A consultation data receiving unit that receives consultation conversation data from a real-time voice stream or text log; A risk score calculation unit that calculates a risk score (R) including multiple sub-indicators based on predefined rules and a machine learning model for the received consultation conversation data; An adaptive gate processing unit that monitors the computational resource usage of the system to measure the system load (L), calculates a dynamic gate function G(R, L) = w r · R + w l · L (where w r is the risk weight and w l is the load weight) using the risk score (R) and the system load (L) as inputs, and determines to select a precision evaluation path using a large-scale language model (LLM) if the value of the gate function G(R, L) is greater than or equal to a threshold value (θ), and to select a statistics-based lightweight evaluation path if it is less than the threshold value (θ); A quality score calculation unit that calculates a consultation quality score according to the processing path determined above; and A risk-adaptive dual-path counseling quality evaluation system characterized by including a quality report generation unit that generates a quality report reflecting the counseling quality score calculated above.
In paragraph 1, The above risk score calculation unit is, A risk-adaptive dual-path counseling quality evaluation system characterized by being configured to calculate at least one of the sentiment score of counseling conversation content, the script deviation score from standard response procedures, and the compliance violation score as a sub-indicator of the risk score (R).
In paragraph 1, The above adaptive gate processing unit is, A risk-adaptive dual-path consultation quality evaluation system characterized by being configured to periodically and automatically adjust the weights and thresholds of the dynamic gate function to optimize predefined operational goals (cost, latency, accuracy).

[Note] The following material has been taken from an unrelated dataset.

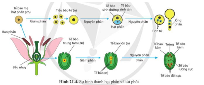 Câu hỏi SGK Sinh 11 Cánh Diều Bài 21 (trang 138): Quan sát hình 21.4, mô tả quá trình hình thành hạt phấn, túi phôi.

In paragraph 1, The above quality score calculation unit is, A lightweight evaluation unit that calculates a quality score based on statistics when the value of the gate function G(R, L) is less than a threshold value (θ) according to the determination of the adaptive gate processing unit; and A risk-adaptive dual-path counseling quality evaluation system characterized by including an LLM evaluation unit that calculates a quality score using a large-scale language model (LLM) when the value of the gate function G(R, L) is greater than or equal to a threshold (θ).
In paragraph 4, The above LLM evaluation unit is, A risk-adaptive dual-path consultation quality evaluation system characterized by including a Search Augmentation Generative (RAG) module that extracts reinforcement information related to the context of the consultation conversation data from a domain knowledge graph or vector database and injects it into a prompt.
In paragraph 1, The above quality score calculation unit is, A risk-adaptive dual-path counseling quality evaluation system characterized by being configured to additionally evaluate the quality of a handoff section when a handoff section occurs in which the subject of the counseling conversation switches between a human counselor and an AI bot.
In paragraph 1, A risk-adaptive dual-path consultation quality evaluation system further comprising a Bot-QA analysis unit that calculates at least one bot-specific quality indicator selected from a group consisting of response delay time, occurrence of conversation failure (Fallback), Natural Language Understanding (NLU) reliability, and persona consistency for a consultation conversation generated by an AI bot, and provides it to the quality score calculation unit.
In paragraph 1, A risk-adaptive dual-path consultation quality evaluation system characterized by further including a model tuning unit that updates the machine learning model of the risk score calculation unit and the large-scale language model (LLM) of the quality score calculation unit by performing human feedback-based reinforcement learning (RL-HF) using the received feedback as a reward signal, wherein a quality manager receives feedback directly specifying whether there is a 'script deviation,''complianceviolation,' or 'best consultation' section for a specific utterance section of a consultation conversation through an interactive user interface (UI) linked with the quality report generation unit.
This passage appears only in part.